The only reliable strategy is to take advantage of finalization, i.e. to rely on the garbage collector to trigger the deletion of temporary files that are no longer used. For this to work the design of the API (and its default implementation) must satisfy the following two conditions:

  1. All access to the underlying file must be strictly encapsulated, so that the file is only accessible as long as there is a strong reference to the object that encapsulates the file access. This is necessary to ensure that the file can be safely deleted once there is no longer a strong reference and the object is garbage collected.

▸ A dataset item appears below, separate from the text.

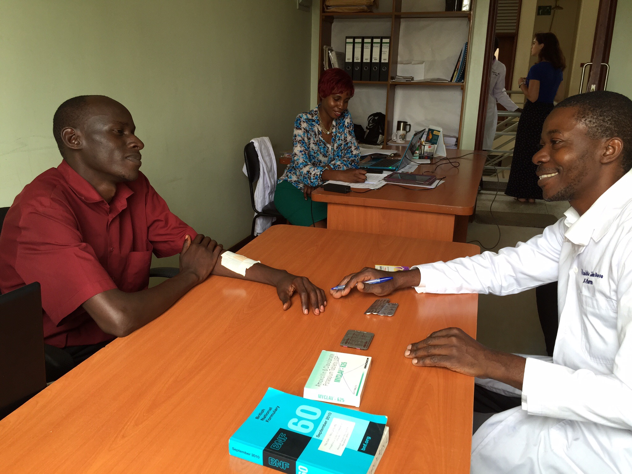 Yesterday Kristen had the opportunity to spend 5 hours with the pharmacy staff of the Infectious Disease Institute (IDI) in Kampala, on the campus of Mulago Hospital. Ever since I started coming to Uganda I have wondered about their activities. The only experience I’ve had so far is using their bathrooms- last fall I needed a facility and one of the interns said that she would take me to a bathroom. She said it was far, a long walk, but “believe me, it will be worth it”. Wow, she was right! Anyway, this trip I was able to get in touch with one of the IDI Pharmacists, she had emailed me to inquire about the Pharmaceutical Care Program I was advertising for (more on that later) and we started an email conversation that led to the opportunity for Kristen yesterday. I would have been there as well, but my energy was needed to prepare for the OSCE. When Kristen was done for the day at IDI, she was just glowing and couldn’t stop talking about all she had seen and learned. The IDI focuses on care for patients with HIV and AIDS. It is funded, at least in part, by the U.S. government. They do a lot of research to make sure patients are getting better with the current therapies and to make sure there aren’t drug interactions with antimalarials, which they actually have found a problem with some. Patients get all their HIV meds and visits for free. The pharmacists at IDI are really involved with both the research and monitoring patient safety with the drug therapy, called Pharmacovigilance. Since I couldn’t meet Eva and her crew earlier, we arranged to go to dinner at a lovely place called The Bistro. We had such a good time! Eva brought Julian, another pharmacist, and Shaida, a physician they work with. We had many laughs- Julian is so funny. Since we told him about the OSCE’s we were doing, he regaled us with his OSCE stories from his education at Makerere. Boy, after a number of year, he still remembers all of his mistakes. I’m sure he did well on many of the stations, but I guess what sticks in your mind are the times you messed up. It was a great evening and hopefully Wilkes students will be interested in working with the IDI pharmacists in the future.

  2. Java guarantees that the finalizer is invoked before the instance is garbage collected. However, instances are not necessarily garbage collected before the JVM exits, and in that case the finalizer is never invoked. Therefore, the implementation must delete all existing temporary files when the JVM exits. The API design should also take into account that some implementations of the LifecycleManager API may want to trigger this cleanup before the JVM exits, e.g. when the J2EE application in which Axiom is deployed is stopped.

The first condition can be satisfied by redesigning the FileAccessor such that it never leaks the name of the file it represents (neither as a String nor a File object). This in turn means that the CachedFileDataSource class must be removed from the Axiom API. In addition, the getInputStream method defined by FileAccessor must no longer return a simple FileInputStream instance, but must use a wrapper that keeps a strong reference to the FileAccessor, so that the FileAccessor can't be garbage collected while the input stream is still in use.

To satisfy the second condition, one may want to use File#deleteOnExit. However, this method causes a native memory leak, especially when used with temporary files, which are expected to have unique names (see bug 4513817). Therefore this can only be implemented using a shutdown hook. However, a shutdown hook will cause a class loader leak if it is used improperly, e.g. if it is registered by an application deployed into a J2EE container and not unregistered when that application is stopped. For this particular case, it is possible to create a special LifecycleManager implementation, but for this to work, the lifecycle of this type of LifecycleManager must be bound to the lifecycle of the application, e.g. using a ServletContextListener. This is not always possible and this approach is therefore not suitable for the default LifecycleManager implementation.

To avoid the class loader leak, the default LifecycleManager implementation should register the shutdown hook when the first temporary file is registered and automatically unregister the shutdown hook again when there are no more temporary files. This implies that the shutdown hook is repeatedly registered and unregistered. However, since these are relatively cheap operations[2], this should not be a concern.

An additional complication is that when the shutdown hook is executed, the temporary files may still be in use. This contrasts with the finalizer case where encapsulation guarantees that the file is no longer in use. This situation doesn't cause an issue on Unix platforms (where it is possible to delete a file while it is still open), but needs to be handled properly on Windows. This can only be achieved if the FileAccessor keeps track of created streams, so that it can forcibly close the underlying FileInputStream objects.



[2] Since the JRE typically uses an IdentityHashMap to store shutdown hooks, the only overhead is caused by Java 2 security checks and synchronization.